In the wholesale market, electricity generators such as YTL are required to sell electricity to NEMS. Every half hour, generation companies submit bids to NEMS for the quantity and price of electricity they are able and willing to supply. Based on supply and demand, NEMS’s computer model generates a fixed price known as the Uniform Singapore Energy Price (“USEP”). The USEP represents the weighted average of all the nodal prices of nodes from which electricity is deemed to be withdrawn in that half hour. All bids that do not exceed the USEP are accepted, and generators whose bids are accepted will be called upon to supply electricity and are paid at the USEP.
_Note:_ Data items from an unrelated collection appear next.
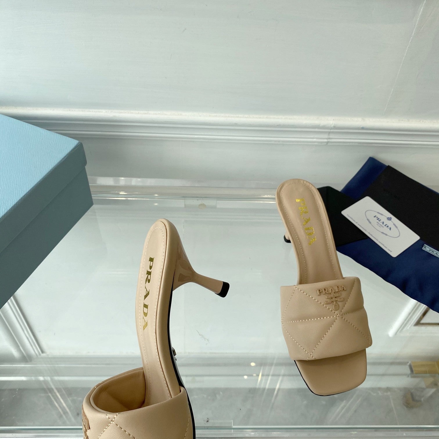 Pra Heeled Sandal 65 Pointed Sole Quilted Beige Leather
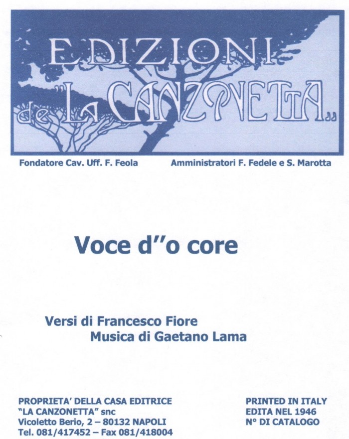 Voce d''o core (Versi di Francesco Fiore - Musica di Gaetano Lama). Spartito musicale di Canto & Piano edito dalla casa editrice "La Canzonetta" nel 1946.
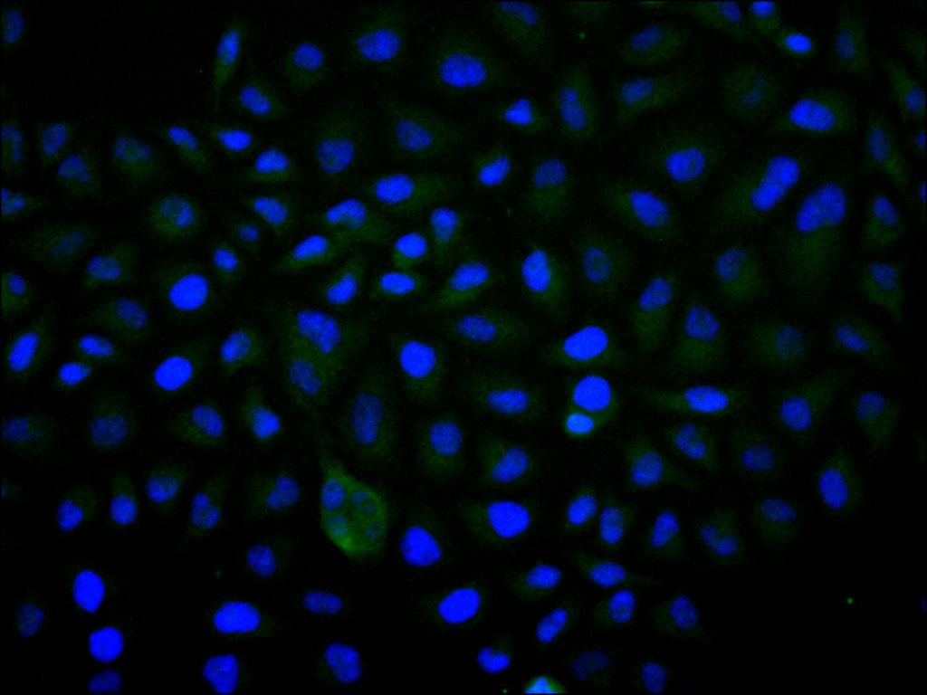 Immunofluorescence staining of Hela cell with CSB-RA858020A0HU at 1:50, counter-stained with DAPI. The cells were fixed in 4% formaldehyde, permeabilized using 0.2% Triton X-100 and blocked in 10% normal Goat Serum. The cells were then incubated with the antibody overnight at 4°C. The secondary antibody was Alexa Fluor 488-congugated AffiniPure Goat Anti-Rabbit IgG(H+L).
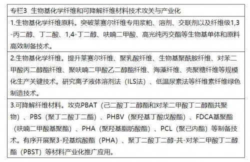 (三)加快生物基化学纤维和可降解纤维材料发展。提升生物基化学纤维单体及原料纯度,加快稳定、高效、低能耗成套技术与装备集成,实现规模化、低成本生产。支持可降解脂肪族聚酯纤维等可降解纤维材料关键技术装备攻关,突破原料制备和高效聚合反应技术瓶颈,加强纤维可降解性能评价,引导下游应用。
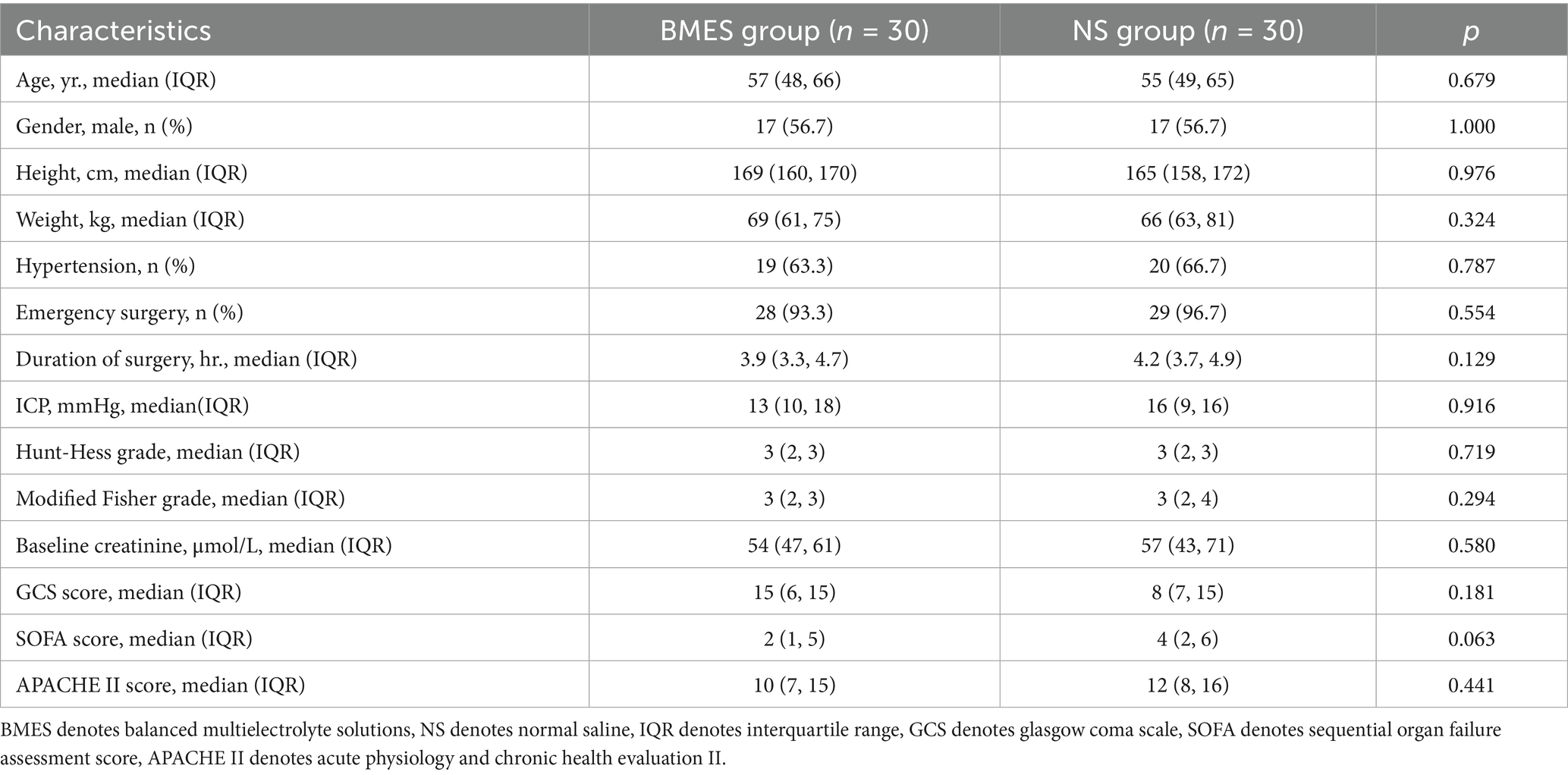 Therefore, we designed this pilot randomized trial aiming to compare the effect of BMES versus NS on the occurrence of hyperchloremia within 72 h in patients with aSAH. A secondary aim was to provide data for the design and power of a large-scale, multicenter, randomized controlled trial.
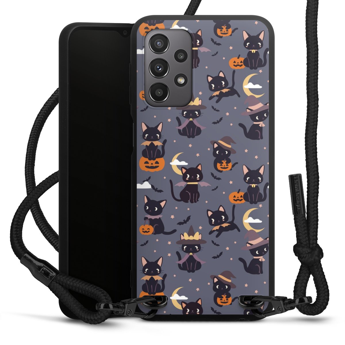 The matt black silicone case is made of flexible TPU (thermoplastic polyurethane) and offers robust protection. The durable, unbreakable material makes the cover flexible and dimensionally stable at the same time. The matte surface makes your design stand out more and is less susceptible to fingerprints and dirt. The stylish trend accessory fits comfortably in the hand and is perfectly complemented by the fabric (polyester) mobile phone strap. The braided fabric strap is approx. 1.70 metres long with a diameter of approx. 0.5 cm. Due to the special knotting technique, the length of the strap can be adjusted by simply pulling it, so that you can adapt it individually to your wishes. The practical case to wear around your neck is available with the fabric strap in black. As a little icing on the cake, we have provided the strap with a chic metal fastener in matt black. The strap is securely fastened to the case with loops made of high-quality genuine leather and press studs. The ends of the fabric strap are covered with metallic end caps and thus protected from fraying.
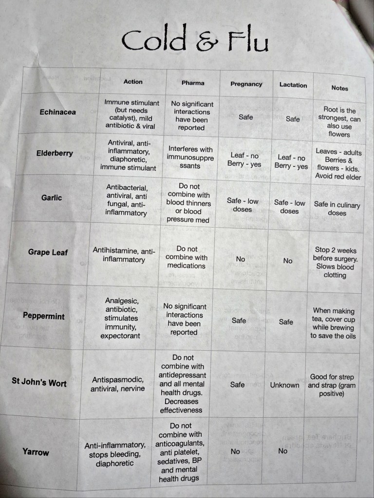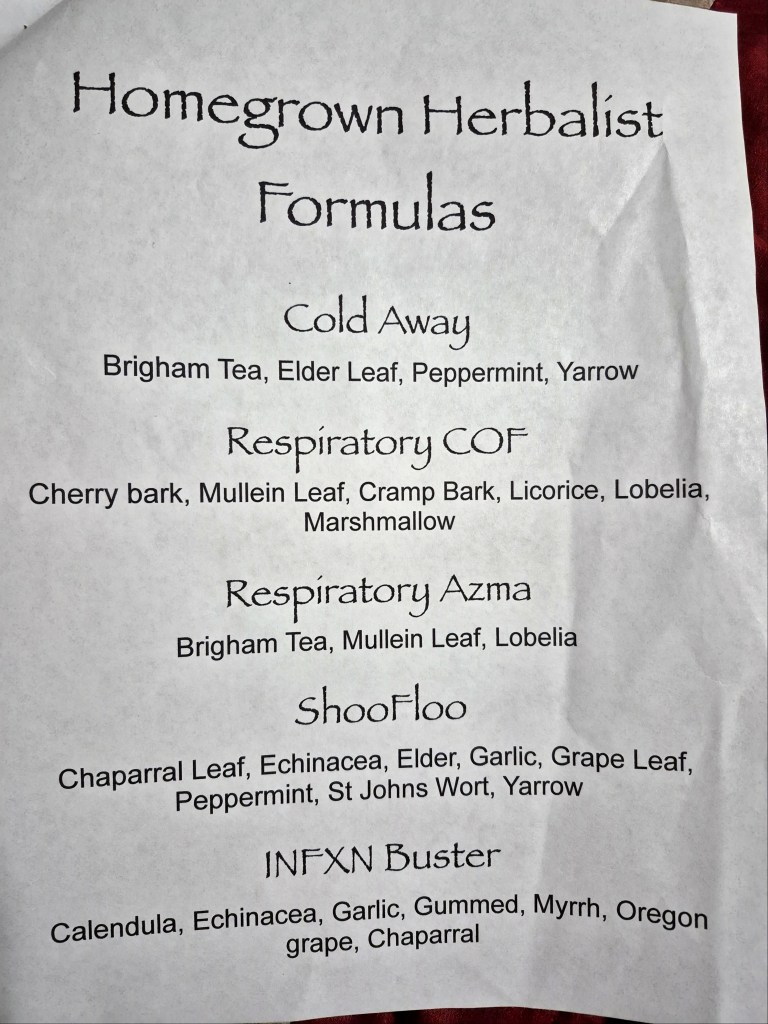 A member shared her herbal remedies for cold/flu season. She recommends using Homegrown Herbalist for supplies and online classes. Reference books are best used for herbs/remedies and growing one’s own herb garden is a bonus. Herbs can be mixed with apple juice to make them more palatable, especially for kids.
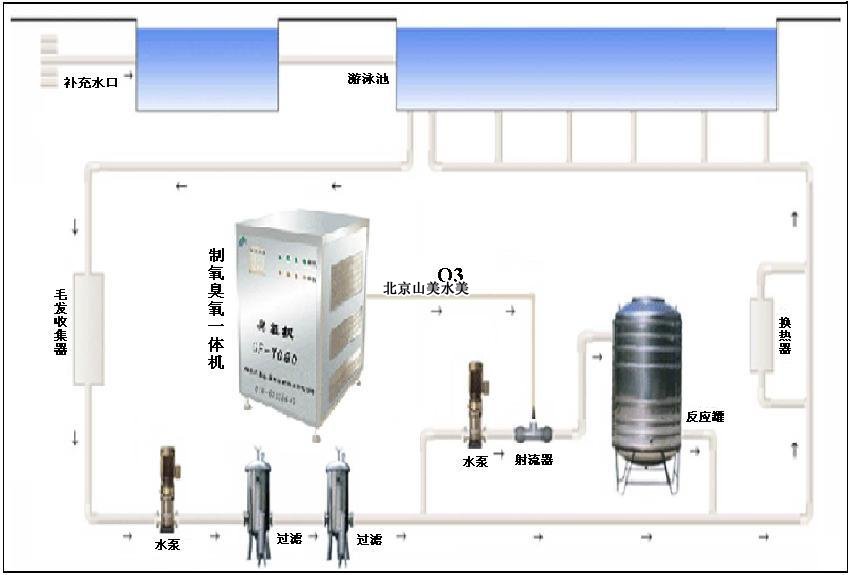 (5)泳池循环水经过滤后加臭氧消毒;

In turn, NEMS sells electricity to energy retailers such as Seraya. The price of electricity sold to retailers is known as the Pool Price, which is derived, in the main, by adding an Hourly Energy Uplift Charge (“HEUC”) to the USEP.

In turn, energy retailers may only sell electricity to contestable consumers such as Denka. Contestable consumers are consumers with a high average electricity consumption of at least 2,000 kWh per month and are typically commercial or industrial entities.

If a contestable consumer does not wish to purchase electricity from a specific retailer, it may also purchase from the wholesale market, either from the Market Support Services Licensee (“MSSL”), ie, SP Services Ltd, at the Pool Price, or as a direct market customer registered with the EMC. Purchasing from one retailer, however, allows the parties to fix the price of electricity or peg the price to a different index, instead of being subject to fluctuations in the USEP and the Pool Price.

As between YTL, NEMS, Seraya and Denka, the pricing relationship between them is illustrated as follows:

(Diagram 1 – Pricing relationship in the gentailer structure)

We pause to note Seraya’s submission that in a gentailer, it is common for parties to enter into a contract for differences to enable the group as a whole to mitigate its exposure to the fluctuations of the USEP and Pool Price. YTL and Seraya had a Contract for Differences dated 1 April 2012 (“the CFD”) under which YTL bore most of the risk from Seraya’s contracts with its customers. Should Seraya suffer losses from its contract price being lower than the Pool Price, the CFD provided for YTL to pay the difference to Seraya. Conversely, if Seraya made a profit from its contract price being higher than the Pool Price, Seraya would pay a portion of the excess of the contract price over the Pool Price to YTL. We return to this point later as it assumes some significance in analysing Seraya’s remedies for breach of contract.

With this context in mind, we turn to the specifics of the parties’ contractual relationships.

The Steam Supply Agreement

Denka first became customers of Seraya in May 2005,...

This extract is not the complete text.